Joint work with Zhouzi Li and Mor Harchol-Balter.
Alan Scheller-Wolf is the Richard M. Cyert Professor of Operations Management at the Tepper School of Business, Carnegie Mellon University. He is currently head of the doctoral program at Tepper; he has previously served as the Senior Associate Dean of Faculty. His research focuses on stochastic processes and queueing models with applications in supply chains, renewable energy, healthcare, service systems, computer science, sustainability, and child welfare. He has published extensively on topics such as assemble-to-order systems, redundancy in server farms, electricity markets with negative prices, and the design of sustainable operations.

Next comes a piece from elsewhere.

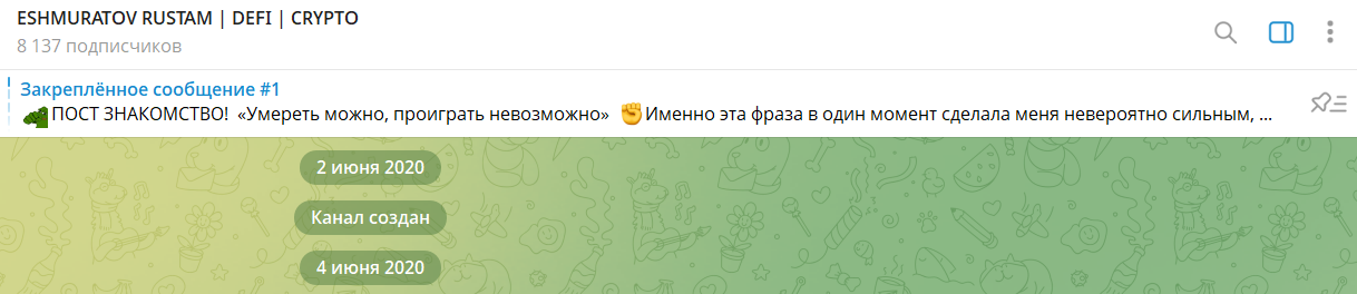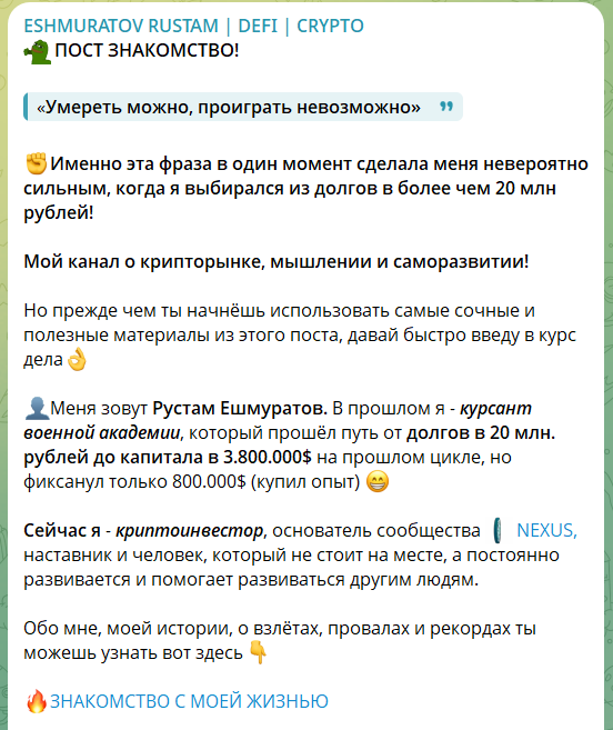 Сам телеграмм-канал был создан в июне 2020 года. Админ начинает вести проект с мотивационных постов, призывающих не бояться начать зарабатывать на рынке. Только спустя месяц Rustam Eshmuratov оставляет приветственное сообщение. В прошлом он курсант военной академии, но жизнь сложилась так, что Рустам Ешмуратов начал заниматься криптой – прошёл путь от долгов в ₽20,000,000 до капитала в $3,800,000.

Professor Scheller-Wolf has been a member of several major INFORMS prize and governance committees, including the Dantzig Prize Committee, IMPACT Prize Committee, Nicholson Prize Committee, and the M&SOM Journal Review Committee. He has also served on the editorial boards of Management Science, Operations Research, MSOM, and QUESTA.
His work is frequently motivated by real-world problems and has included collaborations with organizations such as Caterpillar, John Deere, Allegheny County Department of Children, Youth and Families, and the American Red Cross, among others, on issues ranging from logistics and capacity planning to humanitarian operations. At Carnegie Mellon, he teaches courses in sustainable operations, dynamic programming, and Six Sigma, and advises doctoral and undergraduate students in operations management and computer science.
Professor Scheller-Wolf holds a PhD and MPhil in Operations Research from Columbia University and dual undergraduate degrees (BA in Art History and BS in Mathematics and Computational Science) from Stanford University. He served in the US Peace Corps in Serowe, Botswana.